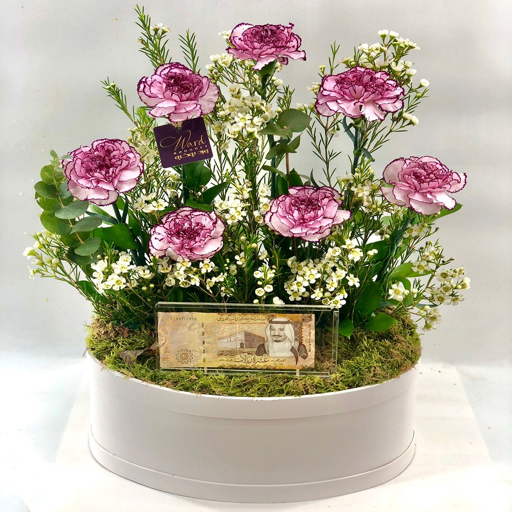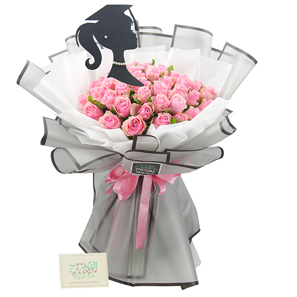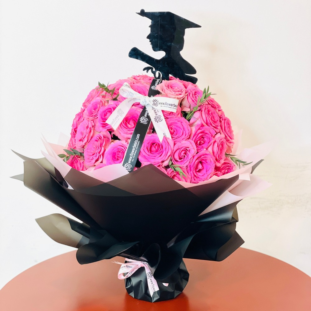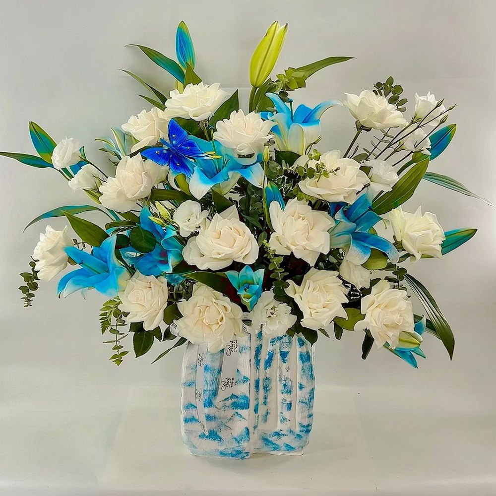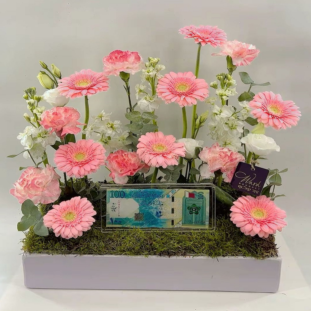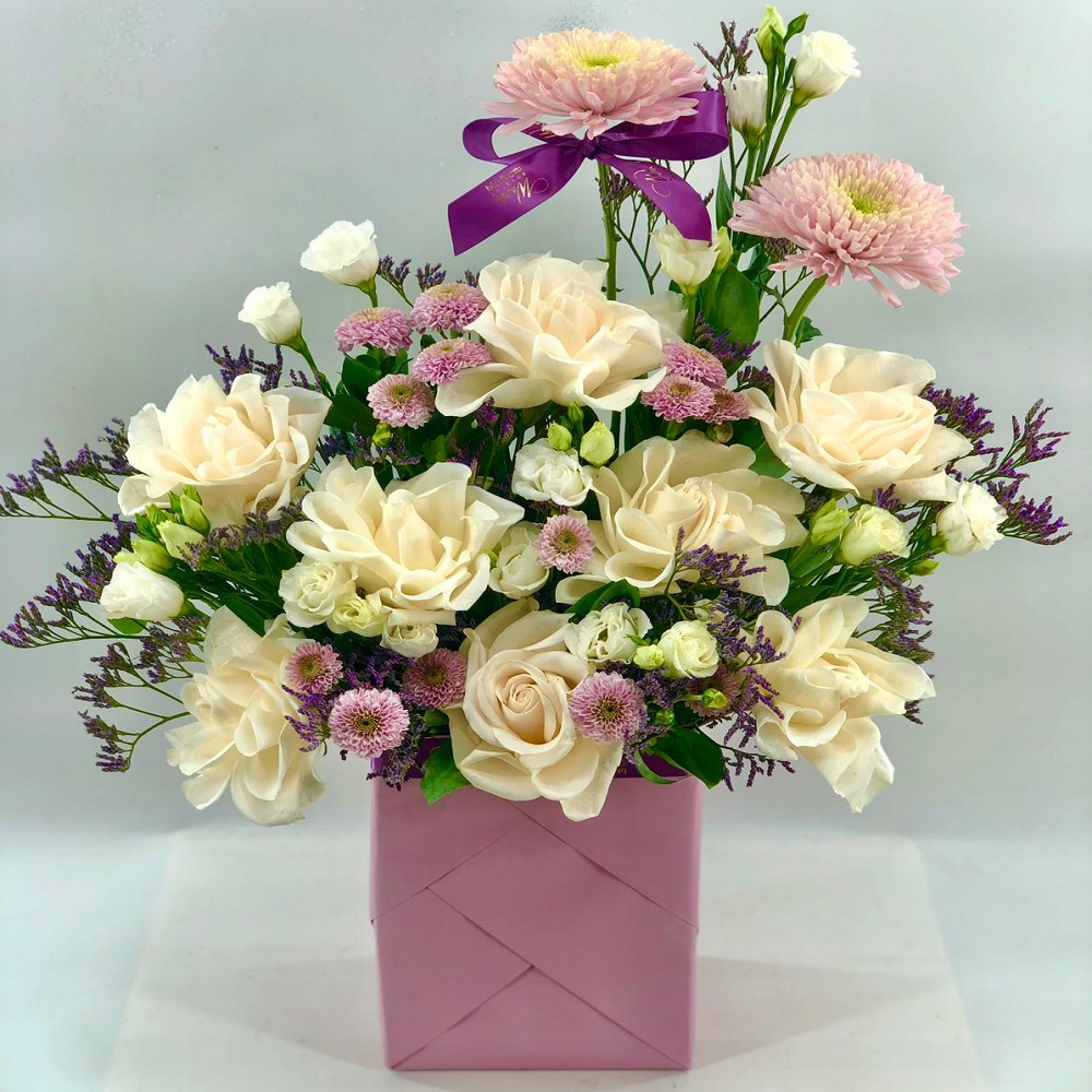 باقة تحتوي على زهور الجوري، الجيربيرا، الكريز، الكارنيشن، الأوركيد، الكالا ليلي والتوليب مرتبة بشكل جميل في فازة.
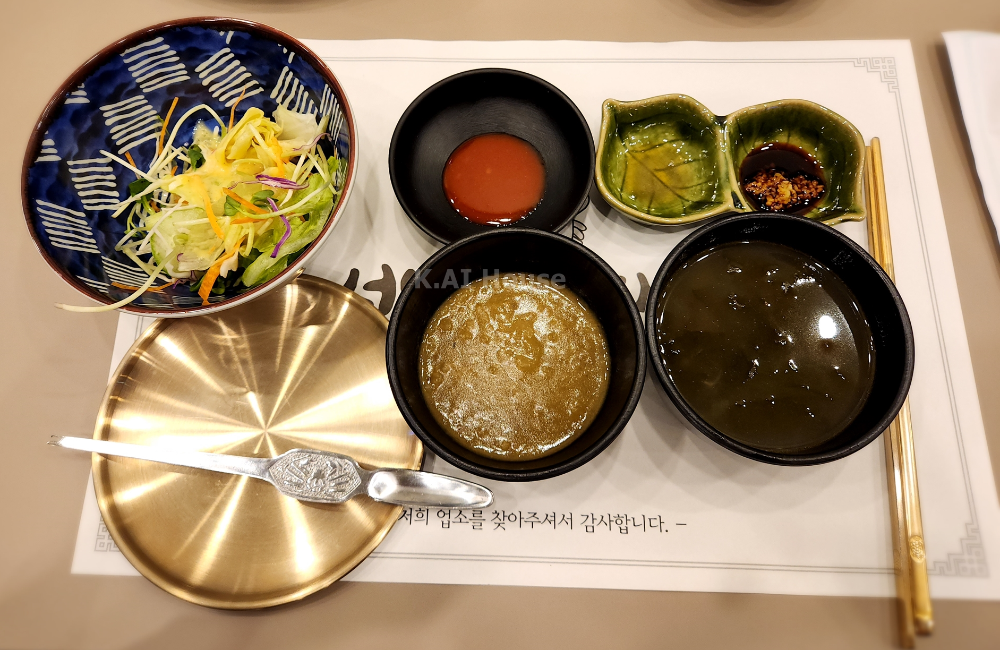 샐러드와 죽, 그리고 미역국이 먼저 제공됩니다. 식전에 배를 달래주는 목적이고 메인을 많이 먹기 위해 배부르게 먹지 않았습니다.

---

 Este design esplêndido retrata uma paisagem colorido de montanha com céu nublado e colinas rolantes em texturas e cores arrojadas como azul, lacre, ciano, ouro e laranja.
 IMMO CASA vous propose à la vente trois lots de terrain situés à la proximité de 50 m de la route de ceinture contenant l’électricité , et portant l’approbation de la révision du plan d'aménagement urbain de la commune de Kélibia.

> Task
When you reach the line holding "باقة تحتوي على" in the listing above, begin retyping exactly, and stop once the line holding "샐러드와 죽, 그리고" is done; pictures stay out.

> Your solution
 باقة تحتوي على زهور الجوري، الجيربيرا، الكريز، الكارنيشن، الأوركيد، الكالا ليلي والتوليب مرتبة بشكل جميل في فازة.
 샐러드와 죽, 그리고 미역국이 먼저 제공됩니다. 식전에 배를 달래주는 목적이고 메인을 많이 먹기 위해 배부르게 먹지 않았습니다.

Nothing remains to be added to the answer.